Les royalties à Nintendo entrent dans le coût de la cartouche. Dans nos comptes d’exploitation, elles apparaissent au poste «coût matières» et sont d’environ 25% du CA.

En outre, le  poste royalties, qui a augmenté en 2008,  comprend  les redevances payées aux détenteurs de licences (par exemple, pour Koh Lanta ALP qui est producteur de l’émission).

Figurent aussi à ce poste les versements à la coproduction.

La marge brute rapportée au chiffre d’affaires a diminué de dix points, dont huit s’expliquent par l’évolution du mix produits consoles/PC. Sur les consoles, quelles sont les marges brutes unitaires d’un jeu Wii et d’un jeu DS ?
Si nous avons un prix moyen de 35 euros TTC, notre prix de vente se situe entre 18 et 19 euros, sur lequel vont s’imputer environ 6 euros de cartouche, le  marketing (entre 10 et 13%) et l’amortissement de développement.

Vous affichez une croissance globale supérieure à celle du marché, par contre sur les PC vous affichez une décroissance supérieure à celle du marché.
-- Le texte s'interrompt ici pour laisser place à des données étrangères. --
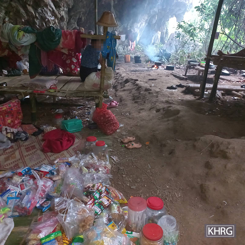 These two photo were taken in April 2024 in a cave where villagers were displaced in Noh Hsoo Neh village tract, Waw Ray Township, Dooplaya District. Villagers are displaced after an air strike was conducted by the SAC in Noh Ber Baw village tract, Waw Ray Township, on 12th March 2024. The photo on the left shows villagers who brought their store stock to the displacement site and continued running a small shop to support their livelihoods. The photo on the right shows villagers husking betel nuts, which they had brought to the displacement site to help meet part of their livelihood needs. [Photo: KHRG]

Quelles en sont les raisons ?
Le PC a particulièrement décru sur tout ce que nous pourrions appeler le multimédia, c'est-à-dire le segment  ludo-éducatif, la vie pratique et les utilitaires. La décroissance sur ces segments a été de plus de 50% alors que nous y étions historiquement fortement présents avec des produits de soutien scolaire comme «Adi» et «Graines de génie».
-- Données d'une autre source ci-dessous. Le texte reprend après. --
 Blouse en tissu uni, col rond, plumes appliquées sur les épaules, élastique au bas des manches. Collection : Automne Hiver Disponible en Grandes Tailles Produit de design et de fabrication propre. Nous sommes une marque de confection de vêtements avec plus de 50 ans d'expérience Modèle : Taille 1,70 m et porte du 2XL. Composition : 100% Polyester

En revanche, la décroissance est plus faible sur le jeu PC stricto sensu. Dans le cadre de notre stratégie 2009, nous conservons un focus sur le PC parce que il demeure  une plate-forme utilisée chaque jour.
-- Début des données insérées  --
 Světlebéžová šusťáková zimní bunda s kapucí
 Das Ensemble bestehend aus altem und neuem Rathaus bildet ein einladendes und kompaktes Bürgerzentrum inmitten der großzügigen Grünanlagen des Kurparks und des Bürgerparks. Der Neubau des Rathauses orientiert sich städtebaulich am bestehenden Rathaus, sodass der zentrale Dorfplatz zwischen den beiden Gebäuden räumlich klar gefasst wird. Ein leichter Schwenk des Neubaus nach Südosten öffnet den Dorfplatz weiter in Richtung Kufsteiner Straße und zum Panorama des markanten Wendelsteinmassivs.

C’est aussi le support de notre  jeu en ligne  «Mission Equitation Online», appelé  «My Horse Club» à l’international.

Enfin, les  jeux casual sur PC connaissent un véritable succès, par exemple «Zuma» ou «Book Worm». Nous avons été parmi les premiers à ouvrir  ce marché dans la grande distribution. En un an, nous avons vendu plus de 120 000 produits dans  cette gamme, produits  qui à l’origine ont été développés par des grands producteurs de jeux casual en ligne.

Le PC reste pour nous une plate-forme importante. Notre part de marché sur le PC continue d’augmenter.

Comment voyez-vous évoluer le marché du PC en 2009 ? Et pensez-vous que votre chiffre d’affaires PC va poursuivre sa décroissance dans les mêmes proportions en 2009 ?
Je pense que le marché du PC va continuer à décroître en 2009. En revanche, j’ai du mal à me prononcer sur notre chiffre d’affaires, d’abord parce que je constate que sur ce premier trimestre 2009, nous avons très bien performé dans les jeux casual. De même, tout ce qui relève de la réédition, marché sur lequel nous occupons une position de leader  s’est très bien comporté  en ce début d’année.

Notre part de marché va donc continuer à progresser dans un marché qui va poursuivre sa décroissance.

Sur le online, «Mission Equitation» va accélérer sa monétisation en 2009. Le jeu fonctionne déjà sur le principe du item selling, c’est-à-dire que le joueur doit ici acheter des cartes pour progresser. Quels nouveaux modes de monétisation vont voir le jour sur ce jeu ?
Il y a une phase qui consiste à créer une communauté, à faire du  «social networking». Nous avons réussi cette première étape, et nous voudrions maintenant adopter un modèle mixte entre le item selling  et un forfait qui obligerait le joueur qui a pris goût au jeu (l’inscription au départ demeurant gratuite) à verser un droit d’adhésion. Ce principe nous garantirait un pallier de chiffre d’affaires.

A l’international, l’Angleterre bondit de 123%, à 5 millions d’euros de chiffre d’affaires. Quels jeux les Anglais apprécient tout particulièrement ?
Nous avons délibérément fait de l’Angleterre le deuxième territoire stratégique de Mindscape. Nous  avons commencé, avec des  jeux issus de séries télé ou de jeux TV. Le premier en date a été «Deal Or No Deal» («A prendre ou à laisser» en France) que nous avons lancé en 2007 et qui s’est vendu à plus de 180 000 exemplaires.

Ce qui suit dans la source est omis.